**To do**
Copy the lines below exactly, starting at the one with "Indicada para cães" and ending at the one with "The error bars", and leave out any picture.

**Data supplied**
****************************************
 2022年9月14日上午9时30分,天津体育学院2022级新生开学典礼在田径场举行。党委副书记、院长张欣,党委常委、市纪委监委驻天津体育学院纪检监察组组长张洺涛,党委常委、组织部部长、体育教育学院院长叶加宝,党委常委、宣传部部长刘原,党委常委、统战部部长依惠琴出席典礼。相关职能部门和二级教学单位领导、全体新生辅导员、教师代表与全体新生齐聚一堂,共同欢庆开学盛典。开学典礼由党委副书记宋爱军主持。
****************************************
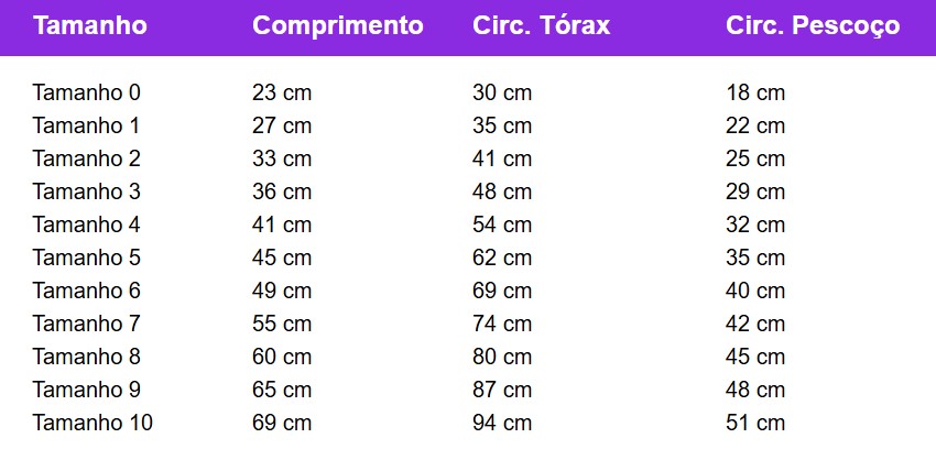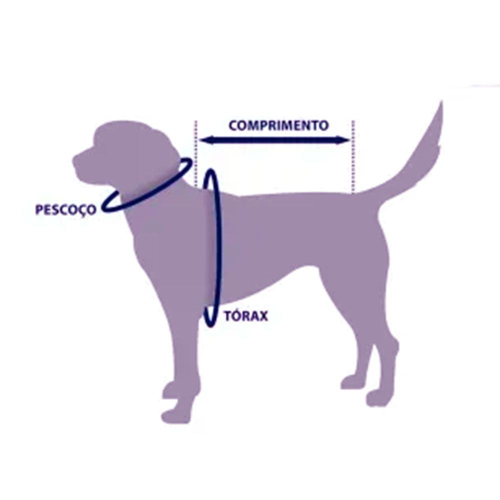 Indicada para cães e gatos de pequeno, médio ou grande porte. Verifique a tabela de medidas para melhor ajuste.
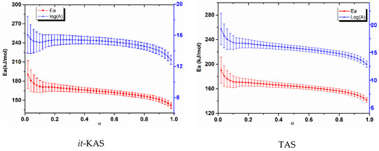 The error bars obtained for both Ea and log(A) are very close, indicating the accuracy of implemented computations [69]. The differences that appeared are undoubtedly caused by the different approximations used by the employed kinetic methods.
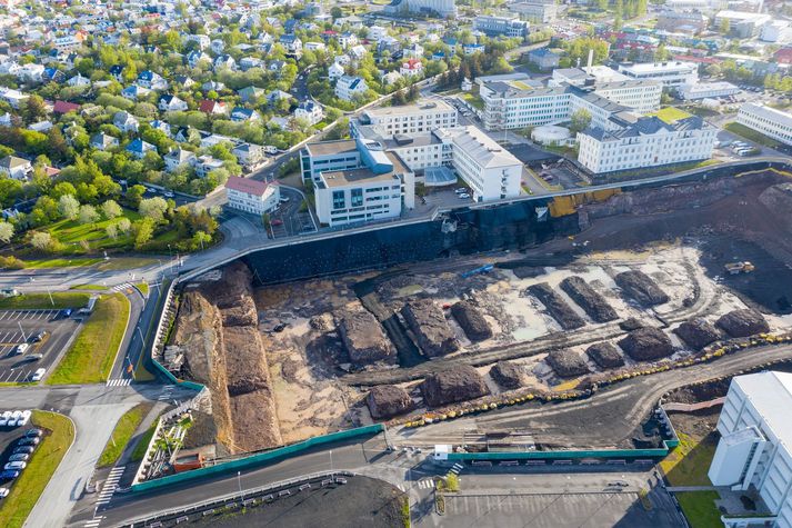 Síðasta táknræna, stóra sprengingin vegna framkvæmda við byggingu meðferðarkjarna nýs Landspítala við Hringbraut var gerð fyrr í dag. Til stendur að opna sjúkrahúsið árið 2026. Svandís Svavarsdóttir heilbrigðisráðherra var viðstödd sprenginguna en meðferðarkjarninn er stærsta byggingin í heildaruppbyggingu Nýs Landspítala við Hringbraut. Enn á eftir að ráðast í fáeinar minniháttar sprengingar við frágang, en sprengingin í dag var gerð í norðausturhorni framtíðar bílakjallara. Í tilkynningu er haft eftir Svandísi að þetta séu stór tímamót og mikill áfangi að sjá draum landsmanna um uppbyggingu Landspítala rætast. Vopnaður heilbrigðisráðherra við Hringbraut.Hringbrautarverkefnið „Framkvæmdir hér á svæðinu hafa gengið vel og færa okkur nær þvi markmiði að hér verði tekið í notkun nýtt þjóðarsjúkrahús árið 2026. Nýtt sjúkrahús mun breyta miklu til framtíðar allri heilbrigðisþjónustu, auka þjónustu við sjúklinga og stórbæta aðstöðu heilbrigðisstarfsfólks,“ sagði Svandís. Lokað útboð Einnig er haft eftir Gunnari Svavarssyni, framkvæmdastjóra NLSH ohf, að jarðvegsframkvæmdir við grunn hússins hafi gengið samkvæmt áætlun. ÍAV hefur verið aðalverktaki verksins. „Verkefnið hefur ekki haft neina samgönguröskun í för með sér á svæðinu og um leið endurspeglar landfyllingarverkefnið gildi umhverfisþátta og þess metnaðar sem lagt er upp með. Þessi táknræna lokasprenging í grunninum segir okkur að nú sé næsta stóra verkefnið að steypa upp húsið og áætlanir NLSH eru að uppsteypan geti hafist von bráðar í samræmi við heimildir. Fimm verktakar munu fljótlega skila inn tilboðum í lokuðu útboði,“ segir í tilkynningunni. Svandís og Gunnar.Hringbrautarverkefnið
****************************************
**Answer box**
 Indicada para cães e gatos de pequeno, médio ou grande porte. Verifique a tabela de medidas para melhor ajuste.
 The error bars obtained for both Ea and log(A) are very close, indicating the accuracy of implemented computations [69]. The differences that appeared are undoubtedly caused by the different approximations used by the employed kinetic methods.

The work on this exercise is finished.